Could you check, if you are running out of memory, please?

marwa1 · October 4, 2020, 7:53pm

do you mean memcheck … yes i do and this is the output:
========= CUDA-MEMCHECK
========= ERROR SUMMARY: 0 errors

marwa1 · October 4, 2020, 7:54pm

and if this may be the cause what is the solution ??? reduce the batch size can fix

ptrblck · October 5, 2020, 6:05am

No, I meant if your GPU memory is filling up and you thus cannot allocate any more data on the device.
You can check the memory usage via nvidia-smi or in your script via e.g. torch.cuda.memory_allocated().

Are you using custom CUDA code or did you execute cuda-memcheck just on the complete PyTorch model?

marwa1 · October 5, 2020, 6:06pm

I executed 'cuda-memcheck` on the complete PyTorch model

marwa1 · October 5, 2020, 6:09pm

please explain more. where to add this in my script?

marwa1 · October 5, 2020, 6:12pm

is this true where the tensors ‘logits and impf’ have the same size ?

ptrblck · October 5, 2020, 11:28pm

You could add it e.g. at the beginning and at the end of each iteration to check the allocated memory, which would show if you are close to the device limit.

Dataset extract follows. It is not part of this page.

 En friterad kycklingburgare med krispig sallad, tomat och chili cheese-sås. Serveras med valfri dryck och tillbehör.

Note that this call does not return the memory usage of the CUDA context or from other applications.

marwa1 · October 8, 2020, 12:37pm

the output is:
Epoch: 001/200 | Batch 0000/0343 | Cost: 38.0783
memory allocated after 369382912
memory allocated before 346285056
memory allocated after 369382912
memory allocated before 346285056
memory allocated after 369382912
memory allocated before 346285056
memory allocated after 369382912
memory allocated before 346285056
memory allocated after 369382912
memory allocated before 346285056
memory allocated after 369382912

and this repeated for all epochs …so I found that the used memory is almost constant during each iteration. in the other side the run stopped at epoch 17 with a new error :

ptrblck · October 8, 2020, 10:46pm

In that case could you rerun the code with

CUDA_LAUNCH_BLOCKING=1 python script.py args

and post the stack trace here?

marwa1 · October 9, 2020, 12:12pm

I am already using this format

ptrblck · October 9, 2020, 5:26pm

Could you update to PyTorch 1.6 or the nightly/master, since 1.5 had an issue where device assert statements were ignored.
This could mean that you are in fact hitting a valid assert.

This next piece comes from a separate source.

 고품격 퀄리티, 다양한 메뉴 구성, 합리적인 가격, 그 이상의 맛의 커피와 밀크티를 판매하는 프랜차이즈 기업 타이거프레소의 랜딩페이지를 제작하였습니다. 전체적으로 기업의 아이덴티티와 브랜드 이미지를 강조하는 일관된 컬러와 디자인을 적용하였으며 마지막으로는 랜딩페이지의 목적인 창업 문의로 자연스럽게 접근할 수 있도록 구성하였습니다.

marwa1 · October 12, 2020, 12:11pm

Are you mean that PyTorch `1.5’ is the reason not an error in my script

marwa1 · October 12, 2020, 12:14pm

I noticed that the code stoped at the same line in many time :
impf=impf.to(device)

where it done will at the small data

ptrblck · October 13, 2020, 5:00am

Yes, since (some) assert statements were broken in PyTorch 1.5, thus you would have to update to 1.6 or the nightly binary.

Is this a new issue or why is the code not crashing anymore?